In HTTP 1.1, the status line was

scheme/version code reason
HTTP/1.1 200 OK

I see :scheme and :status headers in the HPACK spec. I don't however see anything for version or reason? Is there not one?

In a request in HTTP 1.1, the request line was

method uri scheme/version
POST http://myhost.com HTTP/1.1

I see :method and I see :path, which I think is just a relative path, which is not the same as the full absolute path (and since Chrome and Firefox are pushing HTTPS for HTTP/2, this may make sense). I do not see version header though.

Is there a version header? Or is it seen that this will always be known before the protocol decision such that it is not really needed?

What about reason codes? Is it assumed these are pretty constant so that goes away (I am guessing here)?

In HTTP/1, the version token was needed to differentiate HTTP/1.0 from HTTP/1.1, since they had the same wire representation, but were supporting different features.

For example, a client declaring HTTP/1.1 implicitly tells the server that it supports persistent connections and content chunking.

With HTTP/2, the protocol version is negotiated .

In clear-text HTTP/2, the Upgrade header reports h2c , where the 2 means version 2 of the protocol.
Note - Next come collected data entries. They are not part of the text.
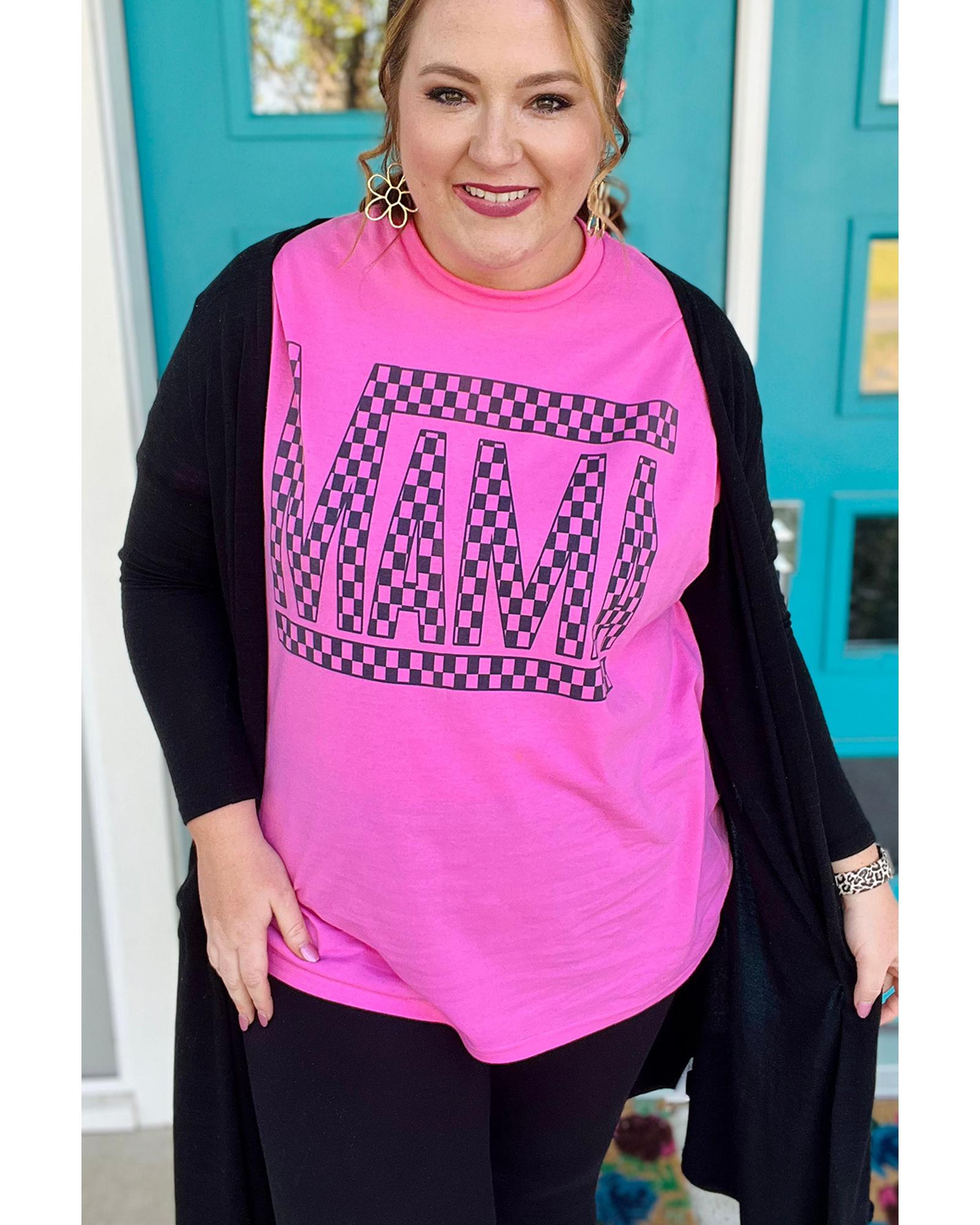 Bright Pink Checker MAMA Letter Printed Graphic Plus Size T Shirt – 3X
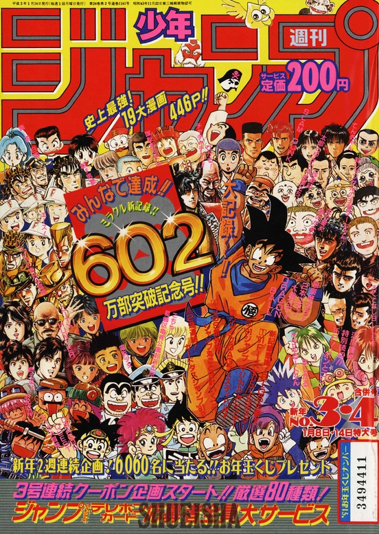 La portada del número que conmemora los más de 6,02 millones de ejemplares de la Weekly Shonen Jump presentó una alineación repleta de estrellas de 19 mangas de éxito. Goku ocupa el centro del escenario, levantando el brazo con energía. Al observar más de cerca, también se puede ver a Gohan, Krillin y Bulma corriendo para unirse a las celebraciones con los atuendos que usaron en el Planet Namek. Este número también marcó el sexto aniversario de Dragon Ball e incluyó una impresionante función doble de la pelea con Frieza.
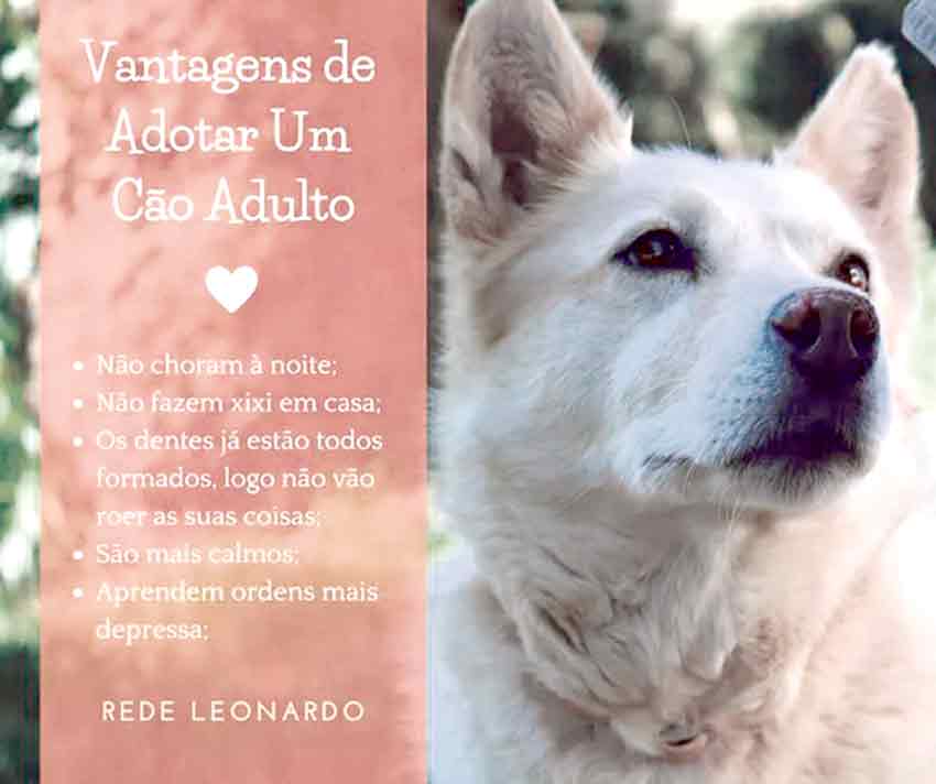 Adoptar um cão adulto tem várias vantagens. Não choram à noite, não fazem xixi em casa e os dentes já estão formados, logo não vão andar a roer as suas coisas. Além disso são mais calmos e aprendem as ordens mais depressa. Rede Leonardo 917412495
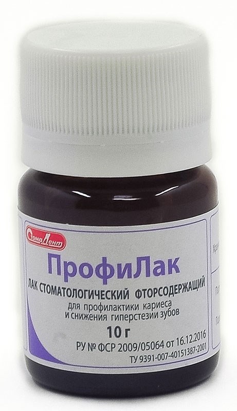 НАЗНАЧЕНИЕ. "ПРОФИЛАК" представляет собой стоматологический фторсодержащий материал. Применяется как профилактическое средство при прогрессивном праксимальном кариесе, при гиперестезии зубов, при некариозных поражениях зубов, при обработке зубов под искусственные коронки, как парадонтальная повязка после проведения профессиональной гигиены полости рта, в детской стоматологии при профилактике кариеса с момента прорезывания зубов.
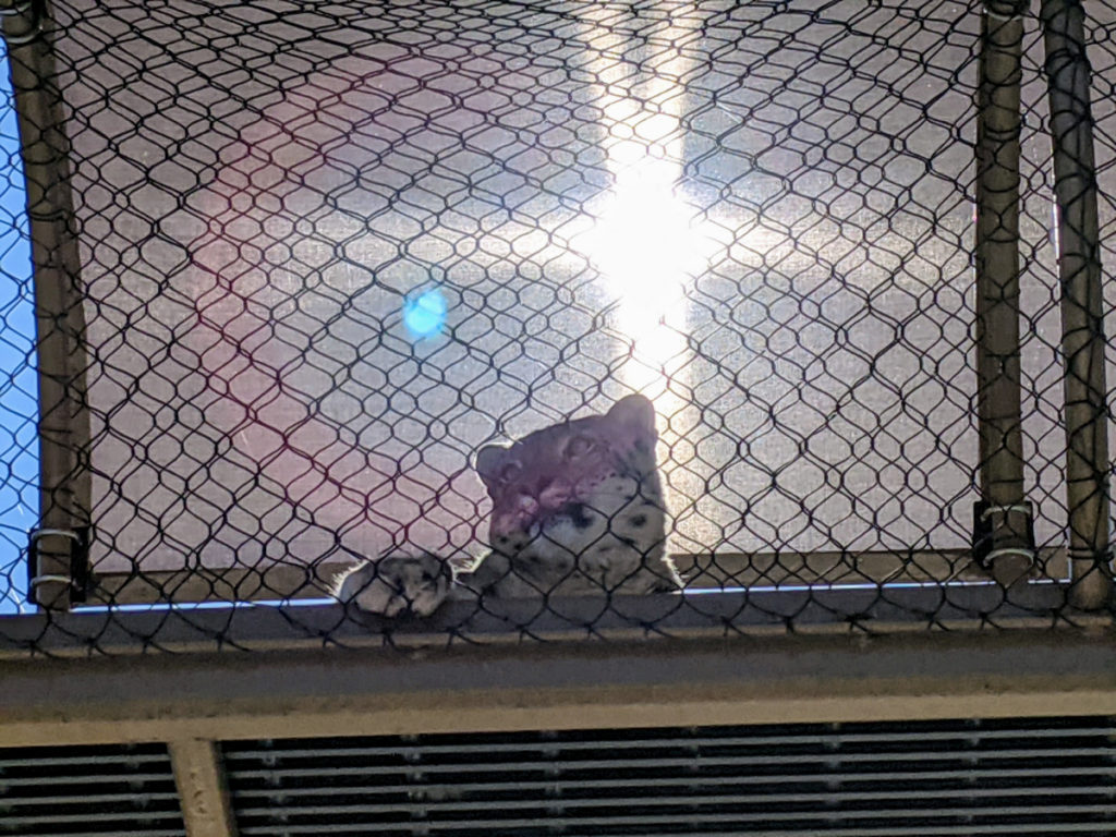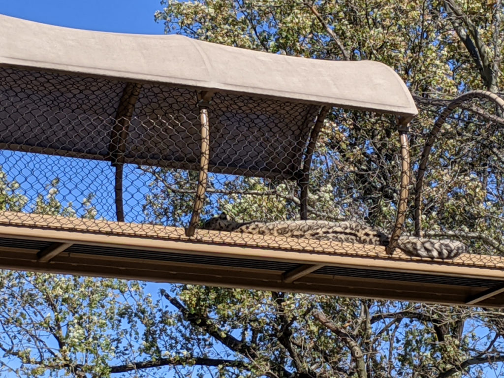 The snow leopard has a cool overhead walkway! On my second trip through the zoo, I spotted him up there. The first time, he was closer but was eating behind a rock, so not a great picture either way. I guess they like the elevation.
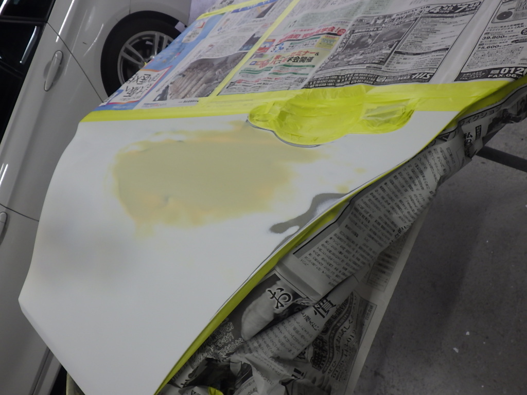 板金作業の後、パテ付け、サンディング作業を行いました。
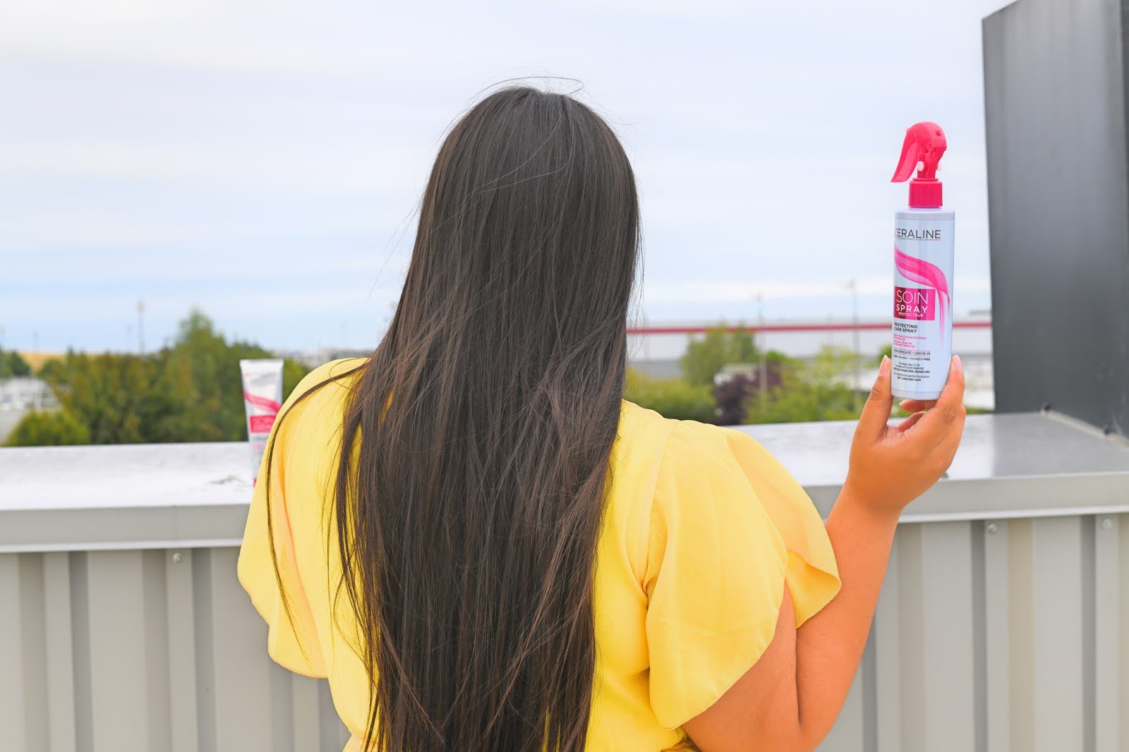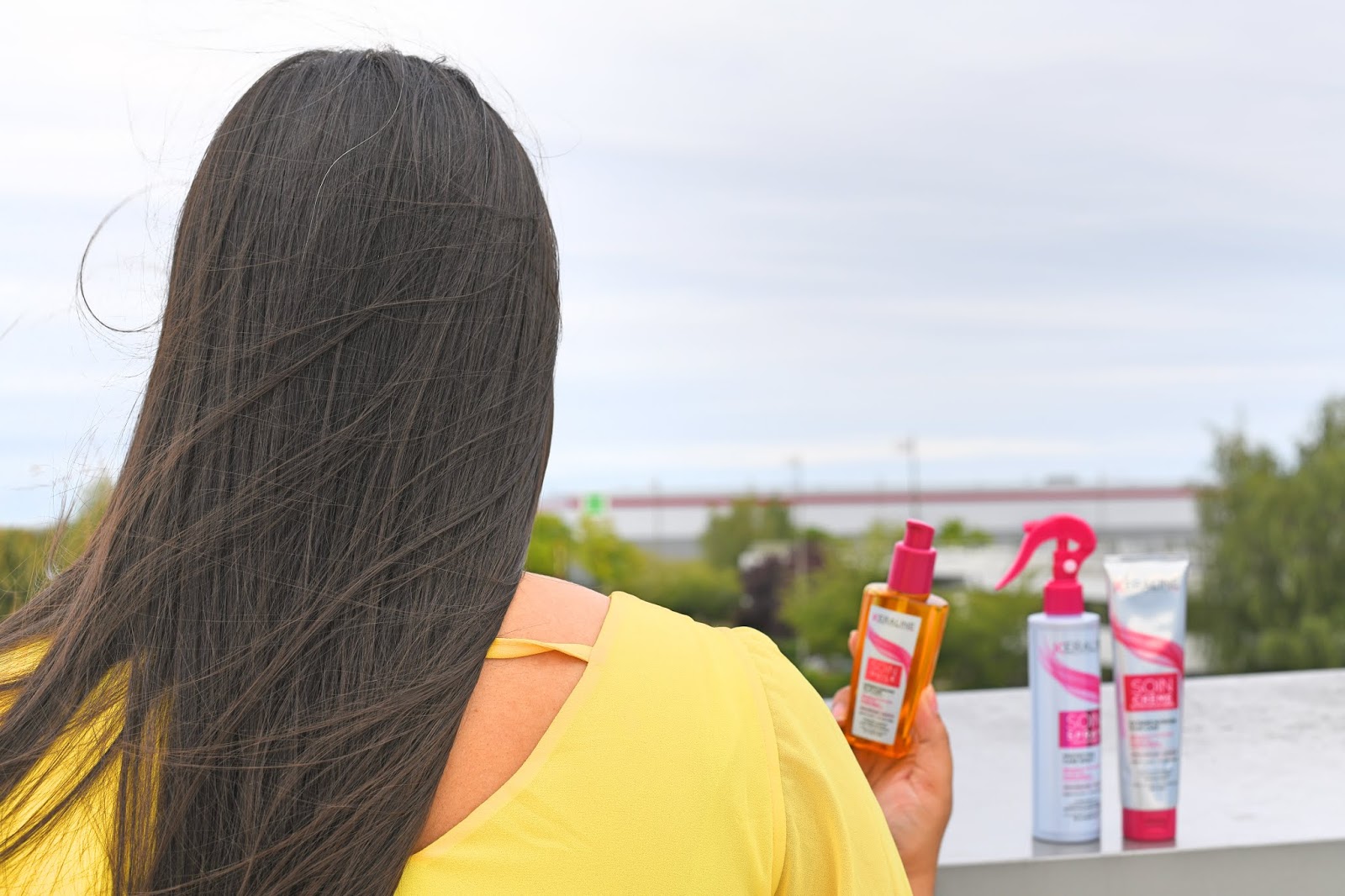 Ensuite, vient mon coup de cœur que j’adore appliquer sur mes cheveux, le soin huile légère qui a premièrement une odeur divine. Elle est très légère et permet d’hydrater le cheveu en un clin d’œil ! Cette huile est composée de kératine et d’huile de pequi qui permet de renforcer la beauté naturelle du cheveu. Personnellement, j’en mettais très, juste pour bien finaliser un brushing par exemple. J’adorai l’utiliser en bain d’huile avant un shampoing, elle est vraiment efficace, car elle nourrit et hydrate intensément. Le soin spray protecteur est à avoir absolument si vous êtes une grande amatrice des brushings et des lissages. La aussi, le duo kératine et huile de péqui permet de protéger le cheveu des UV, mais aussi de la chaleur des plaques ainsi que du sèche-cheveux. Ce spray est recommandé pour protéger le cheveu avant toute utilisation de source de chaleur. De plus, il est multifonction, car il démêle et hydrate. Cette gamme de Keraline Paris est excellente et permet de prendre soin de ses cheveux intensément. Personnellement, je suis devenue une adepte de leurs produits.

I imagine that for HTTP/3 the token will change to h3c . Similarly happens for encrypted HTTP/2 where the token h2 is negotiated via ALPN.

Reason messages have been dropped as being redundant, as the status code was already conveying all the necessary information (not to mention that they could be attack vectors).

For these reasons, HTTP/2 does not have neither version nor reason pseudo-headers.